This statement by Karl Marx admirably serves two functions: (1) It describes the difference between the two times the teaching of Darwin's theories were put on trial in this country, in Tennessee in 1925 and in Pennsylvania in 2005; (2) Because it is from Karl Marx, it will automatically be rejected, along with the words to follow, by those who judge a statement not by its content but by its source. That is precisely the argument between Darwinism and creationism. Stanley Kramer's "Inherit the Wind" (1960) is a movie about a courtroom battle between those who believe the Bible is literally true and those who believe, as the Spencer Tracy character puts it, that "an idea is a greater monument than a cathedral."

The so-called Monkey Trial of 1925 put a young high school teacher named John T. Scopes on trial for violating a state law, passed the same year, prohibiting the teaching of any theory that denied the biblical account of divine creation. Darwin's theory of evolution was also therefore on trial. Two of the most famous lawyers and orators in the land contested the case. Scopes was defended by the legendary Clarence Darrow, and the prosecution was led by three-time presidential candidate William Jennings Bryan. Darrow's expenses were paid by the Baltimore Sun papers, home of the famed journalist H.L. Mencken, who covered the trial with many snorts and guffaws.

In Kramer's film, Darrow becomes Henry Drummond (Spencer Tracy), Bryan is Matthew Harrison Brady (Fredric March), Mencken is E.K. Hornbeck (Gene Kelly), and Scopes is Bertram T. Cates (Dick York). Another major player is the gravel-voiced Harry Morgan, as the judge. So obviously were the characters based on their historical sources that the back of the DVD simply refers to them as "Bryan" and "Darrow," as if their names had not been changed.

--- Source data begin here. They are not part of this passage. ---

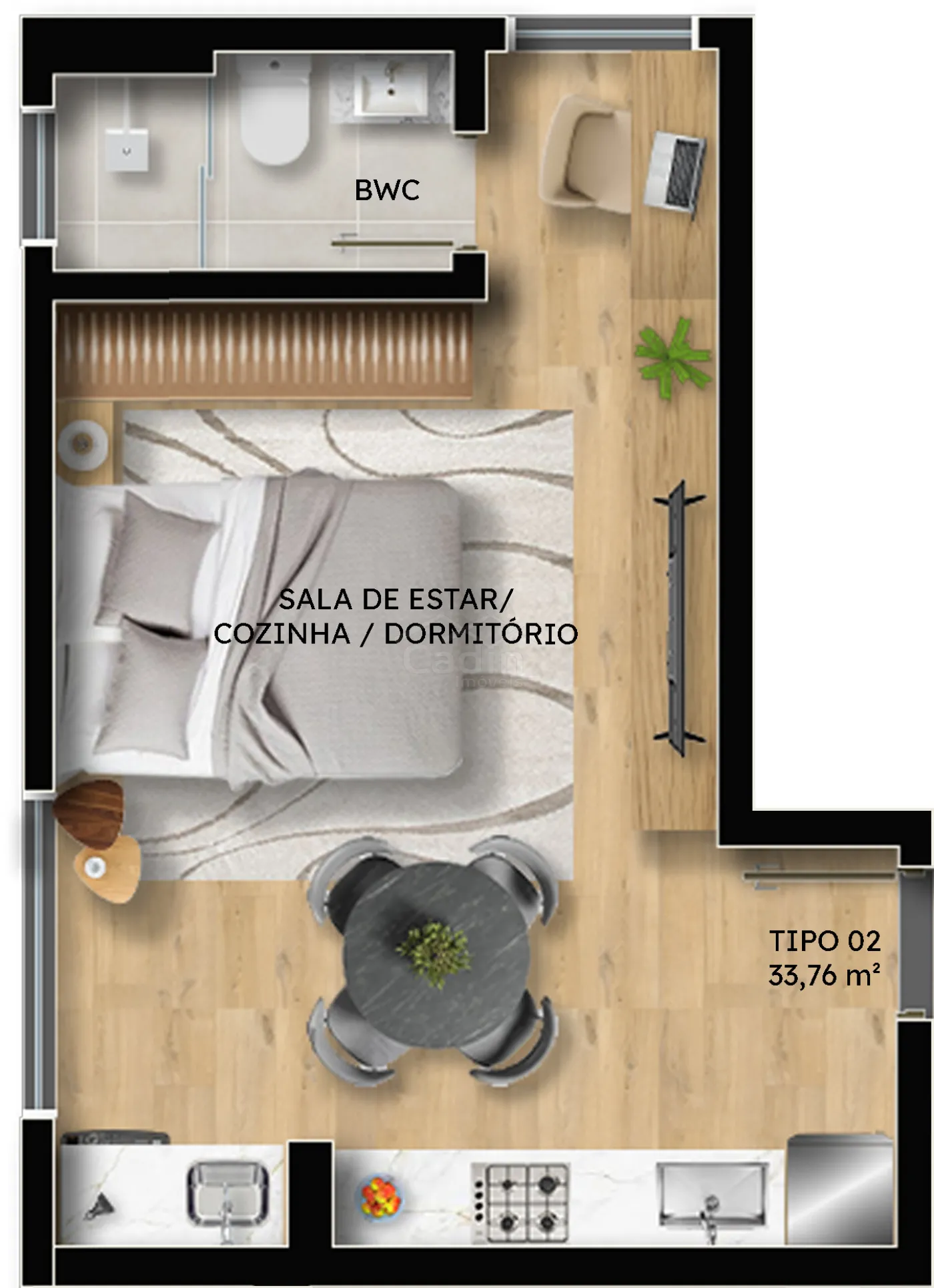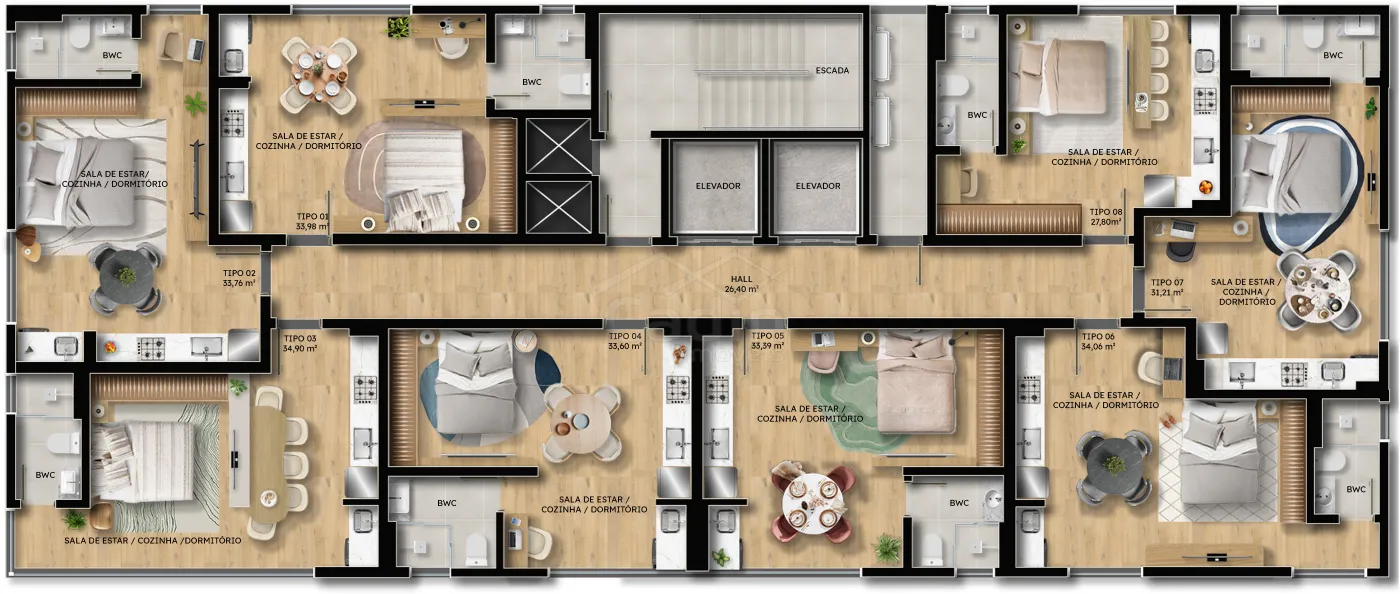 - 33,98m² de área privativa;
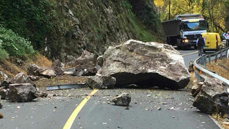 Una enorme roca ha caído sobre la carretera impidiendo el paso de los vehículos. No ha habido heridos ni daños personales.
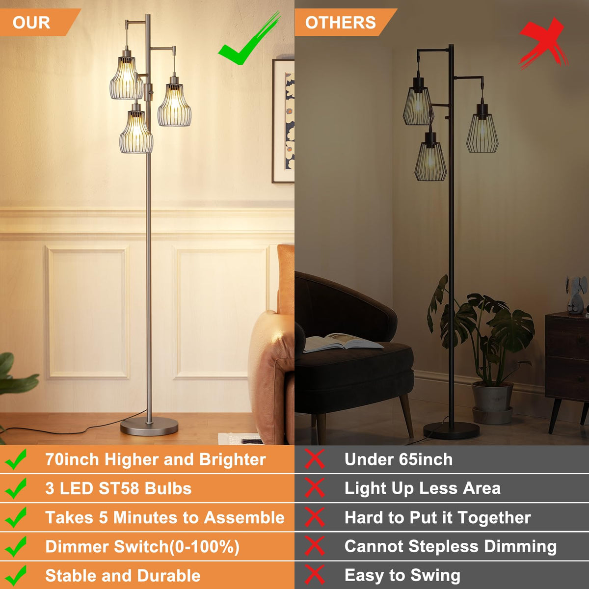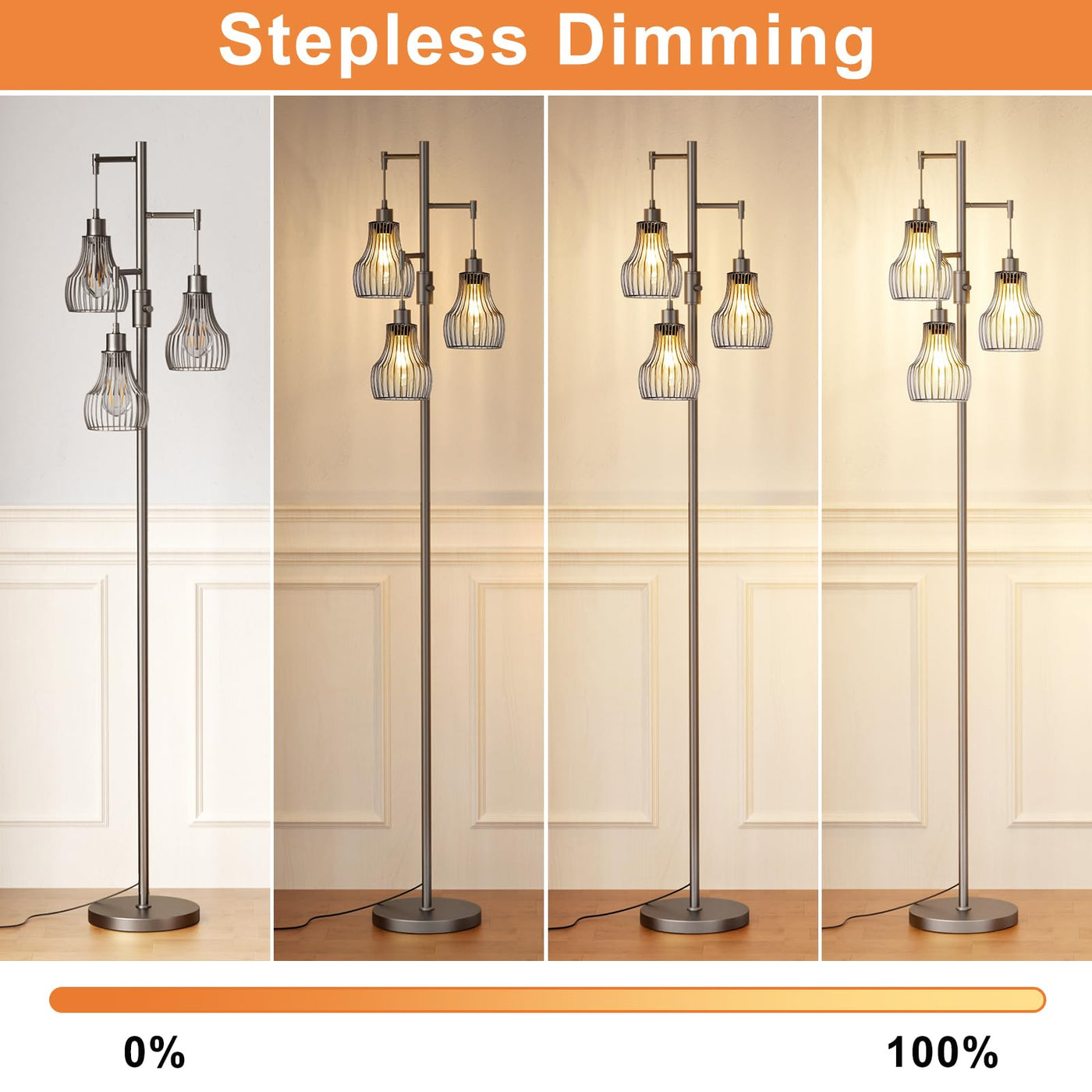 ?2024 UPGRADED FLOOR LAMPS?- The tall 3-cage grey floor lamp blends farmhouse and vintage styles to perfectly match any decor in your home.In March, we upgraded our materials to include professionally certified all-metal bodies. Our fixtures are more stable and durable, eliminating problems such as sudden shut-offs and unstable installations. Enjoy superior quality and make life easier and more comfortable. | ?Adjustable, Stepless Dimming(0-100%)?- Unlike other traditional non-dimming floor lamps, our dimmable floor lamp is completely stepless dimming. Grey floor lamp has a knob to adjust the brightness of the light rather than just turning on the lamp, having it be super bright lighting.The dimming feature is better than expected as tall floor lamp has certain settings so you can make it as dim or as bright if you want. And you will love the pattern the cage makes on the wall. | ?Farmhouse Floor Lamp Design?- Our floor lamps are designed in a sleek and modern style, which can be matched with different styles of furniture you want. The tall lamps will transform your home decor into a rustic and farmhouse atmosphere. Perfect for your living room, bedroom, corner or office, standing lamp has an elegant, vintage look. Brightly illuminated floor lamps for the living room blend in and add an unassuming accent to the space. | ?Durable & Stable?- In order to ensure the safety and stability of this standing lamps for living room, we have equipped a sturdy base weighing about 5.3lb to prevent the living room lamp from tilting and shaking. In addition, industrial floor lamp is made of high quality metal and iron. And the 0.8mm thick pipe surface is evenly painted to prevent corrosion and provide a matte touch. | ?Easy to Assemble? - The assembly steps are simple and easy to operate, and it can be installed into a bedroom floor lamp in just a few minutes. Attention: When installing three small light poles to the main light pole, you need to use Allen Key (included) to tighten and fix them. All components of floor lamps have passed professional certification. If you receive any defective products, please contact us immediately via email and we will provide you with a solution within 24 hours.
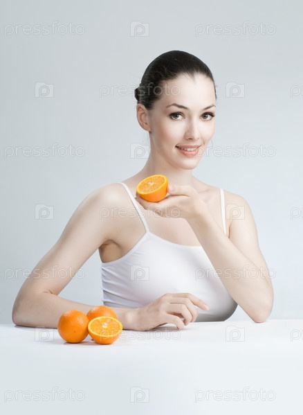 Красивая стройная девушка ест здоровую пищу
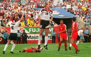 2 JUL 1994: JUERGEN KLINSMANN, CENTER, GUIDO BUCHWALD, LEFT AND RUDY VOLLER, FAR RIGHT, OF GERMANY CELEBRATE AFTER VOELLER SCORED HIS SECOND GOAL AGAINST BELGIUM DURING THE 1994 WORLD CUP AT SOLDIER FIELD IN CHICAGO, ILLINOIS. GERMANY WON, 3-2, ELIMINAT
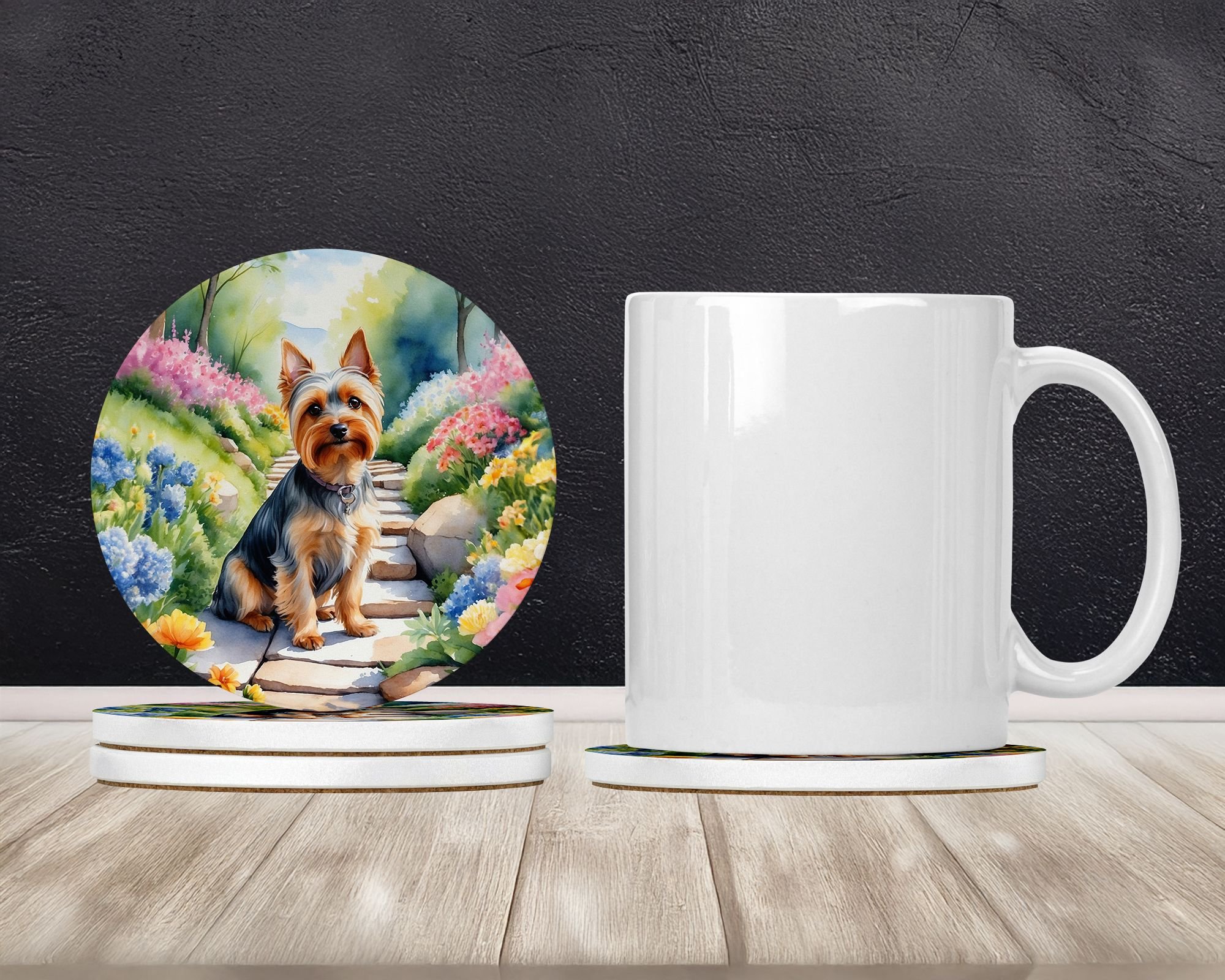 Silky Terrier Spring Path Large Sandstone Coasters Pack of 4 Absorbent Round Coasters Decor Gifts for Men or Women, 4 in, Multicolor
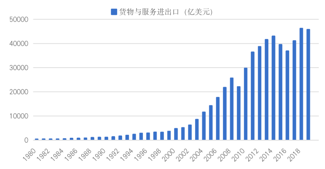 图6 1980至2019年我国货物与服务贸易进出口情况
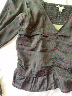 Top corazones. Top corazones, cuello V, mangas holgadas, color negro estampado corazones, talla s.
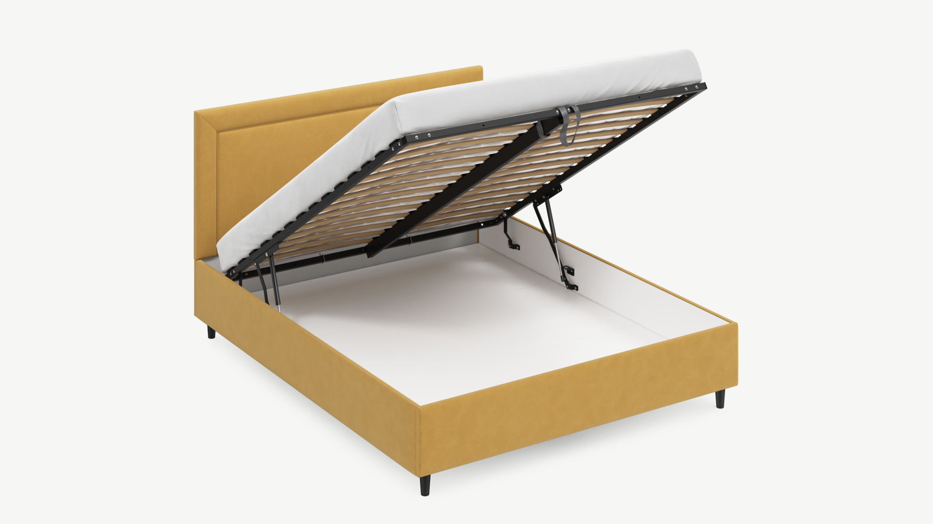 Регулируемый подъемный механизм с газовыми амортизаторами позволяет плавно и бесшумно поднимать и опускать спальное место.

Seen 46 years after its release but only a few months after Darwin was once again on trial in Dover, Penn., "Inherit the Wind" is a film that rebukes the past when it might also have feared the future. Beliefs that seemed like ancient history to Kramer have had a surprising resiliency; two recent polls show that 38 percent of American teenagers believe "God created humans pretty much in their present form within the last 10,000 years or so," and 54 percent of American adults doubt that man evolved from earlier species. There is hardly a politician in the land with courage enough to state that they are wrong.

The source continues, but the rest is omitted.